Recently Mike Duran brought up the issue of guys reading books with female protagonists. His conclusion, essentially was, guys don’t read girlish books because they are guys.

Makes sense. Interestingly, the majority of the guys who commented–maybe all of them–said they were fine with female protagonists. It is romance they aren’t interested in. I suspect they were using “romance” as a code word, though, for “stuff women like.”

A Charmed Life coverI have a sneaking suspicion that those guys would also not be a bit interested in reading Shelley Adina’s The Fruit Of My Lipstick or Who Made You A Princess, Be Strong And Curvaceous, or The Chic Shall Inherit The Earth. Or how about Jenny B. Jones’s The Charmed Life, even though one reader says it contains “mystery, comedy, romance, action, and drama”?

Of course, not all girls will want to read those books either, but my guess is, you’d be hard pressed to find ten guys willing to pick up one in a book store, let alone buy it and read it.

On the other hand, it’s not a stretch to imagine girls reading the latest sci fi or horror or thriller or suspense. What genre don’t women read? Men, it would seem, as a class of people, draw a line when it comes to their reading and say, Nope, I don’t want to go there and so I won’t. Women, on the other hand, seem, as a group, less inclined to lines.

Why?

Because gender matters. Men and women are wired differently.

HeteroSym2Our anatomy differences, we’re all too aware of, but we also have a different chemical make up (which is why some vitamin companies sell a multiple vitamin for Her and a different compound for Him), differences in our use of language, and differences in our brain structure which ought not to be minimized. That women more easily access both hemispheres of our brain allows us to be interested in a wider variety of things–stuff guys are typically interested in because of their left brain dominance as well as the emotive stuff, the heartwarming Hallmark Hall of Fame type stories typically thought to interest women.

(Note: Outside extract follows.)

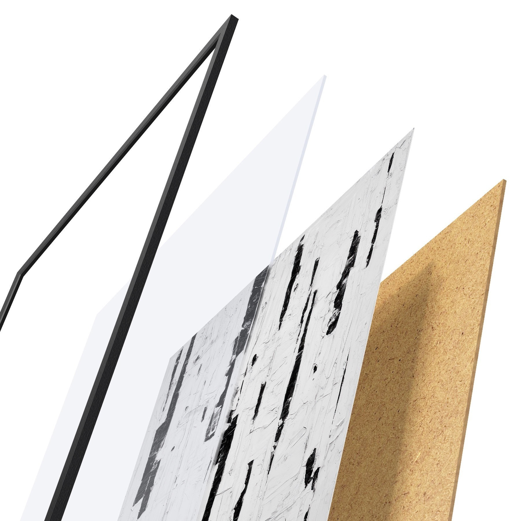 Plakatą sudaro rėmas, pleksiklas, atspausdintas vaizdas ir medžio drožlių plokštės pagrindas. Plakatą galima iš karto pakabinti ant sienos dėl kitoje pusėje esančių laikiklių.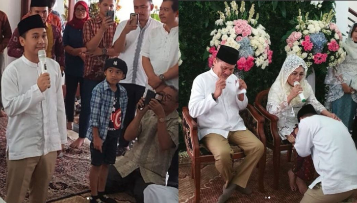 Pada foto yang diunggahnya, Dika tampak sungkem meminta doa kepada kedua orang tuanya.

Granted, I’m speaking in generalities. Of course there are guys who also have a wide assortment of interests and girls who don’t want anything to do with trucks or tanks or spaceships or footballs. But the fact remains, the generalities fit most guys and most girls

What’s my point? The fact that girls have a wider variety of fiction they read and enjoy than do guys is another indication that gender matters.

People who want to say that guys don’t like girlish books because society has programed them that way have no answer as to why girls read widely, venturing into “manly” genres with no qualms. We women are in the same society and ought to have been programmed as the guys have been.

But the truth is, women and men are different. I know that’s a radical thing to say in this day and age. But it’s true. Gender matters. It really does make men and women behave differently, think differently, and apparently, read differently.

Published in: on March 7, 2013 at 6:43 pm  Comments (10)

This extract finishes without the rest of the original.